On Tuesday, 2022-04-19 at 16:50 -0600, Eduardo Chappa wrote:

> On Tue, 19 Apr 2022, Andrew C Aitchison wrote:

>

>>>  Has anyone gotten something like this working with fetchmail + XOAUTH2

>>>  for O365?  A big thank you in advance if anyone has any links, or

>>>  personal tips, etc on getting this working...

>>

>>  This is somewhat off-topic.

>>  https://lists.sourceforge.net/lists/listinfo/fetchmail-users

>>  would be an appropriate place to ask.

>

> I thought initially the same but then i realized that Alpine users might look 

> for answers to their questions about Alpine in an Alpine list instead of a 

> fetchmail list. There are many programs that relate to the use of Alpine and 

> this is one of them, so I reconsidered and thought it was appropriate too.

>

>>  [...]

>>  Matthias Andree, the fetchmail maintainer, is unhappy with the hoops

>>  gmail make him jump through to "register" fetchmail

>>  https://sourceforge.net/p/fetchmail/mailman/fetchmail-users/?viewmonth=202204&viewday=16

>>  If he cannot get fetchmail to use XOAUTH2 *without* registering the "app"

>>  he would appear to be considering whether dropping the feature is an

>>  option.

>

> This portion is both related and unrelated to Alpine.

>

> There is nothing to register when you register really. Let me say it this 

> way. Anyone can go to Google and register Alpine or fetchmail or mutt or 

> firefox, etc. because they are open source applications and what you need is 

> a client-id and client-secret to run your app. That is all.

>

> I went through the process of registering Alpine not because I like Google 

> but because Alpine users need it. It does not matter how I feel about the 

> abuses of Google, Alpine users care about reading their email and not my 

> feelings about Google. I ended up giving Alpine users the chance the get 

> their own client-id and client-secret because that is what a Google employee 

> told me that we were going to come down to.

>

> The real problem with Google is not the registration. It is the verification 

> (of the app). It costs $75000 to verify an app every year. That is the 

> minimum. I do not make money to give it to Google. I do not make money out of 

> selling anything Alpine related to give it to Google.

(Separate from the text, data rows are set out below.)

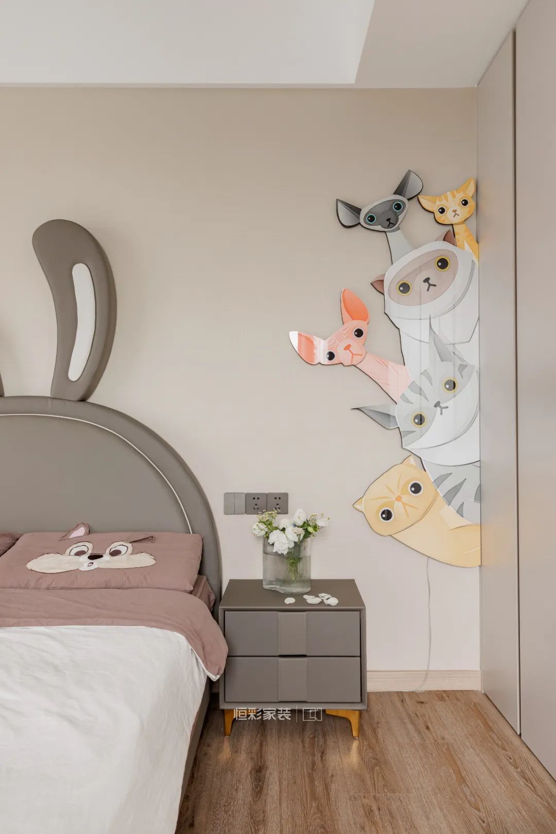 床头还安排了小猫家族的装饰画,也是氛围灯,前面提到的爱猫周边就是这里了,点缀空间且富有趣味性。
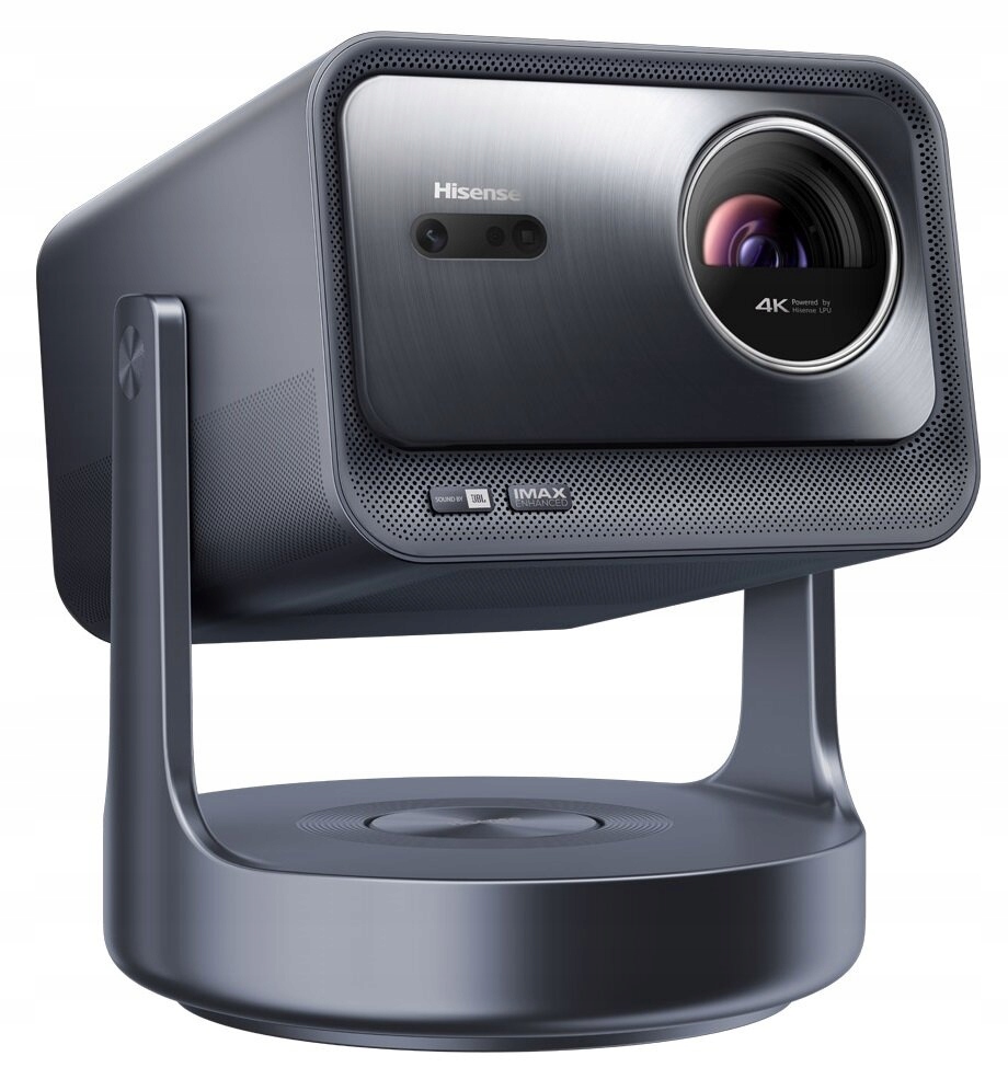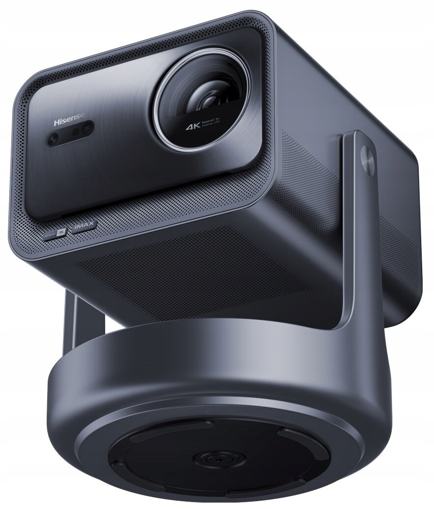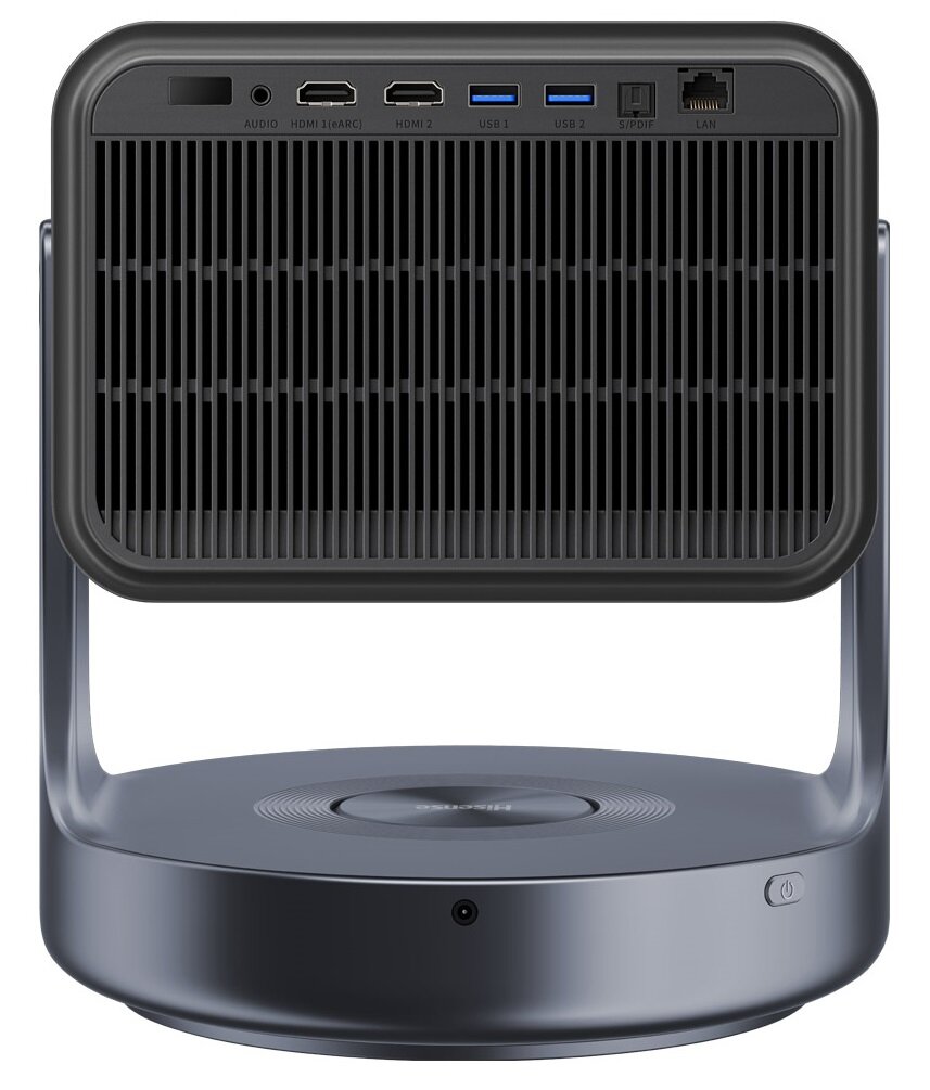 hisense c2 Ultra відрізняється дизайном способу життя, який поєднує продуктивність проекції з естетикою. Завдяки регульованій основі, що пропонує обертання 360 ° та нахил вперед або назад, вона гармонійно вписується в будь -яке оточення. Його твердий і елегантний металевий корпус лежить на круглої основи, яка приховує сабвуфер для зануреного звуку.
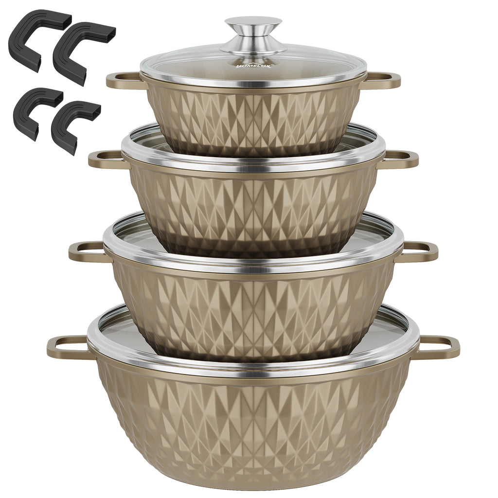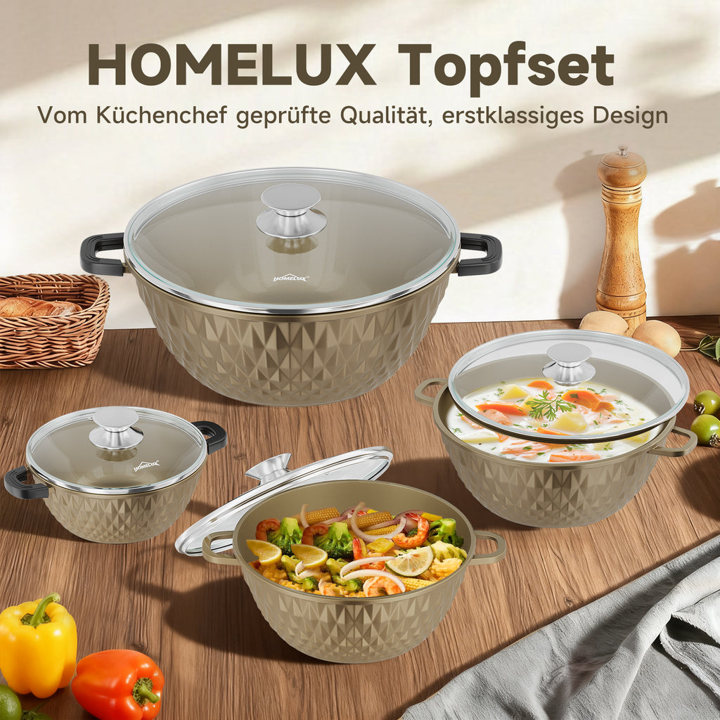 Erleben Sie mit dem HOMELUX Kochgeschirr-Set eine neue Dimension des Kochens. Dieses 8-teilige Set vereint professionelle Funktionalität mit einem ästhetischen, modernen Design. Die Töpfe zeichnen sich durch ihre einzigartige Rautenstruktur an der Außenseite aus, die in jeder Küche einen eleganten Akzent setzt. Gefertigt aus einer hochwertigen Aluminiumlegierung, bieten diese Töpfe eine exzellente Wärmeverteilung und Langlebigkeit, die sowohl für Hobbyköche als auch für anspruchsvolle Küchenchefs geeignet ist. Dank der robusten Bauweise und der vielseitigen Einsatzmöglichkeiten ist dieses Set der ideale Begleiter für die Zubereitung von Suppen, Eintöpfen, Fleischgerichten und vielem mehr.
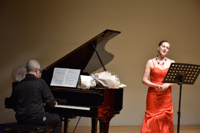 为了提高设计学院学生们的艺术实践能力,提升学生的艺术素质和综合素养,5月19日晚上7点,建筑与设计学院于建筑与设计学院报告厅举办了加拿大女中音歌唱家Patricia Green独唱音乐会,女中音歌唱家Patricia Green教授及钢琴家Hess John Orley教授出席并参加了此次音乐会,设计学院音乐系系主任刘振老师和音乐系部分师生共同聆听了此次演出。
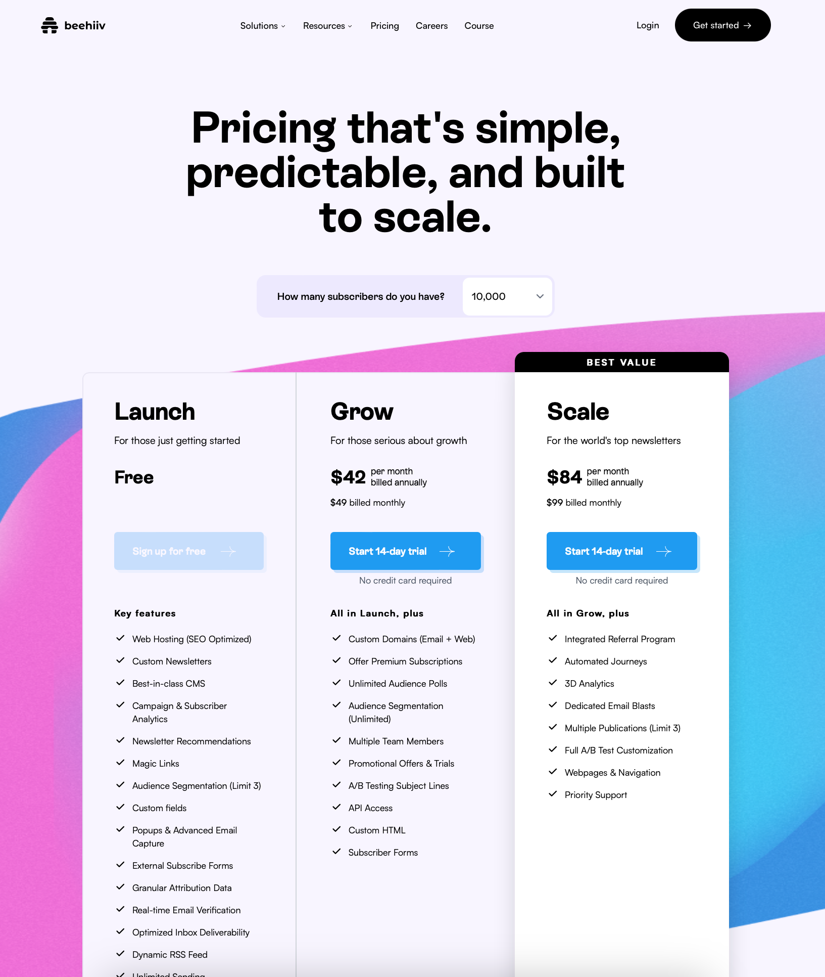 Beehiiv - $42/month (anything less than 10k, stays at $42/month)
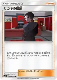 Giovanni's Exile (Japanese: サカキの追放 Sakaki's Banishment) is a Supporter card. It was first released as part of the Unbroken Bonds expansion.
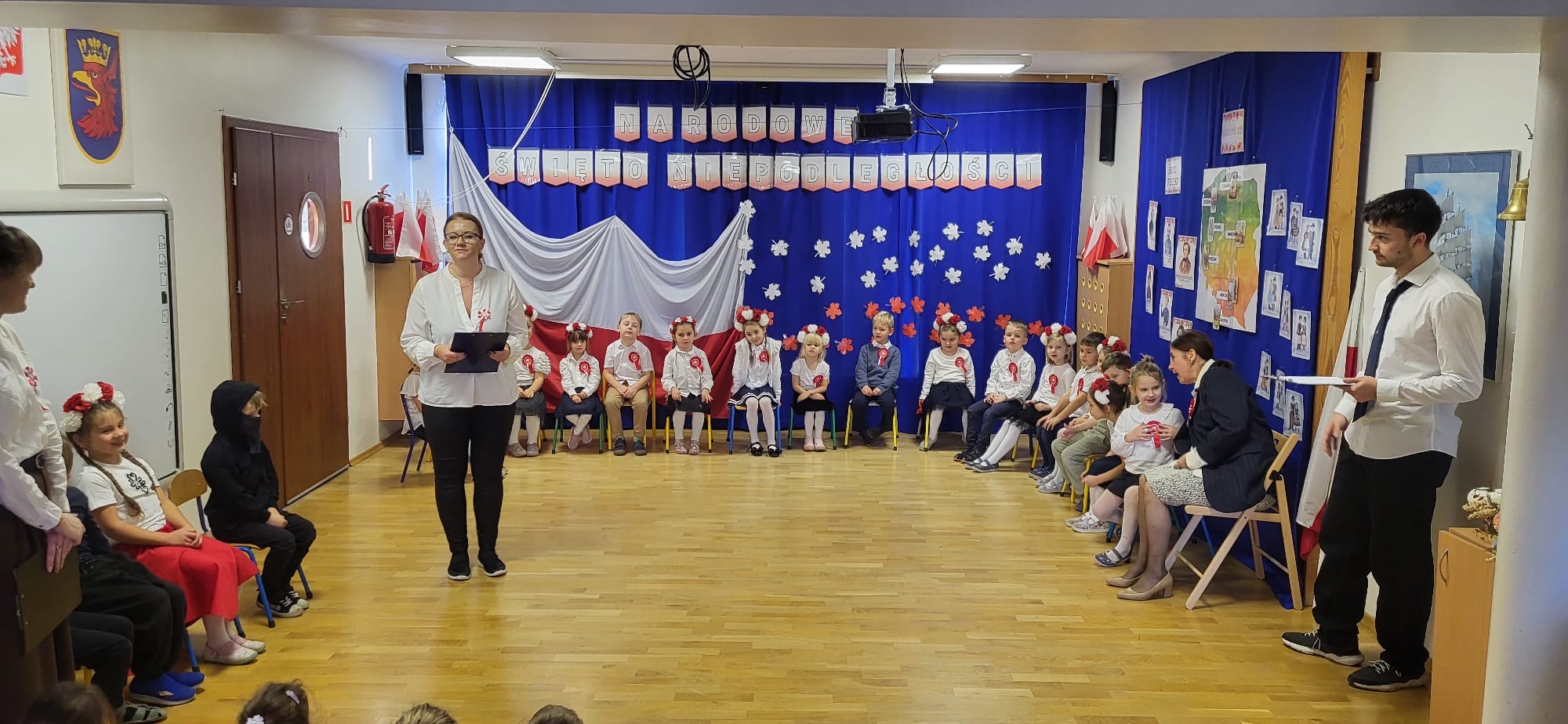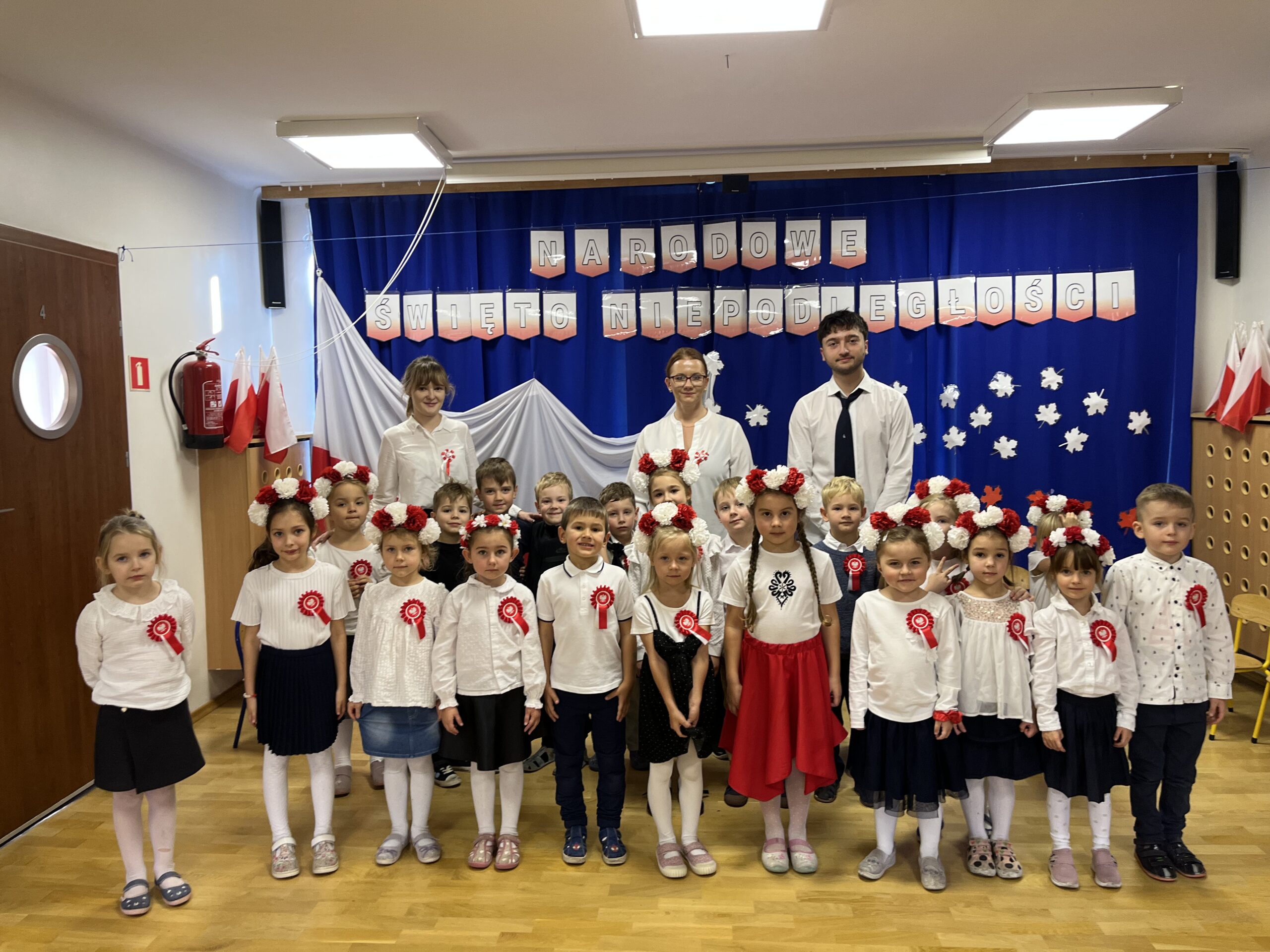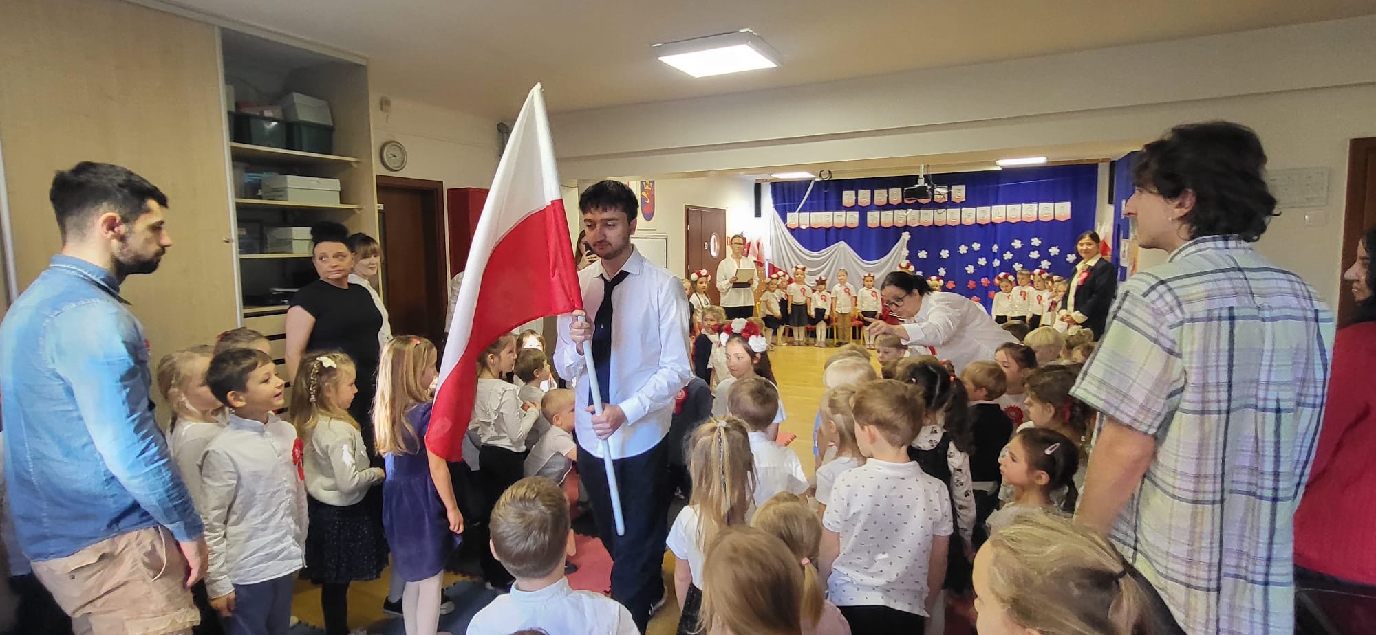 Dzisiaj mieliśmy okazję przygotować dla całego przedszkola uroczystość z okazji zbliżającego się Narodowego Święta Niepodległości. Zaprezentowaliśmy społeczności przedszkolnej wspaniałą lekcję HISTORII POLSKI. Z dumą chwalimy się, że nasz tegoroczny wolontariusz Bruno ma polskie korzenie i zna dobrze nasz język dlatego on również brał udział w prowadzeniu uroczystości. Na koniec nasze przedszkolaki uroczyście odśpiewały hymn w ramach akcji „Szkoła do hymnu”.
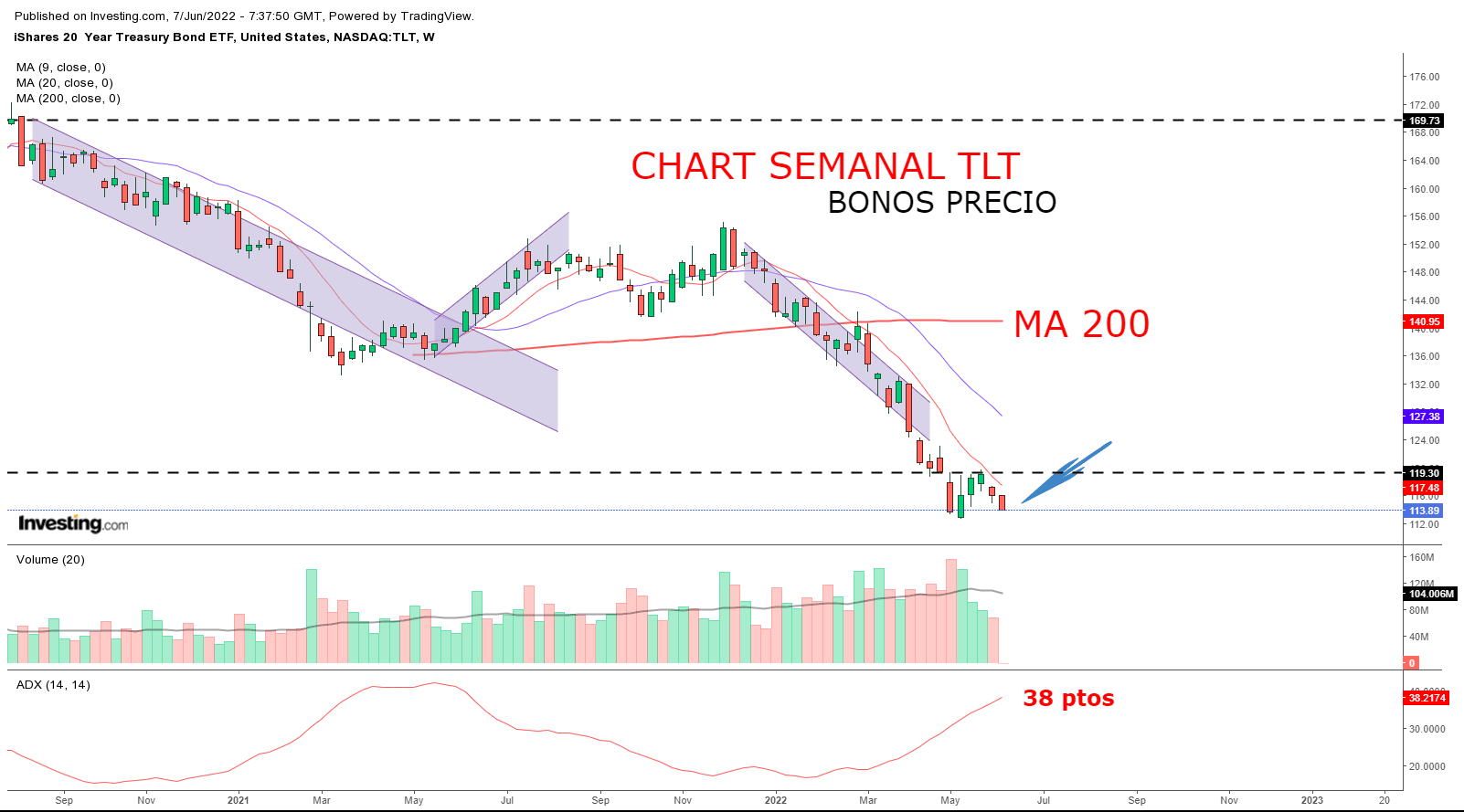 Para el caso de los Bonos con vencimiento superior a 20 años ( I shares TLT ETF) la situación de aumento de rendimiento y caída de precios es todavía mayor.

> Worse, no other company requires this. This is an abuse.


Indeed :-(


> On the Google side they told me that it was the lawyers who did this, as if 

> it was a logical conclusion of some sort and it could not be therefore 

> modified. It guarantees security, they said, which is something that Google 

> sells (in its advertisements). By now it is too late to do anything. No one 

> can go against the giant, and above all I am sorry people support Google by 

> using their products. However, despite my despise for Google, I will not make 

> Alpine users make my feelings be part of their experience, and I think the 

> same should be said about other programs that people depend on, such as 

> fetchmail.

>

> If there is one thing that I think XOAUTH2 is doing to programs like Alpine, 

> fetchmail, etc., is that they are being replaced by other commercial apps 

> completely. The requirement that a users authorizes an app to access their 

> email also is trumped by the requirement that the administrator authorizes 

> the app to access their server, and that is a big issue today as many 

> administrators prefer not to allow apps with which they are unfamiliar for 

> the sake of security and privacy.


I have not changed my use of Alpine one iota. I use fetchmail much less, 
yes, but not because of gmail, it happened before the oauth nonsense.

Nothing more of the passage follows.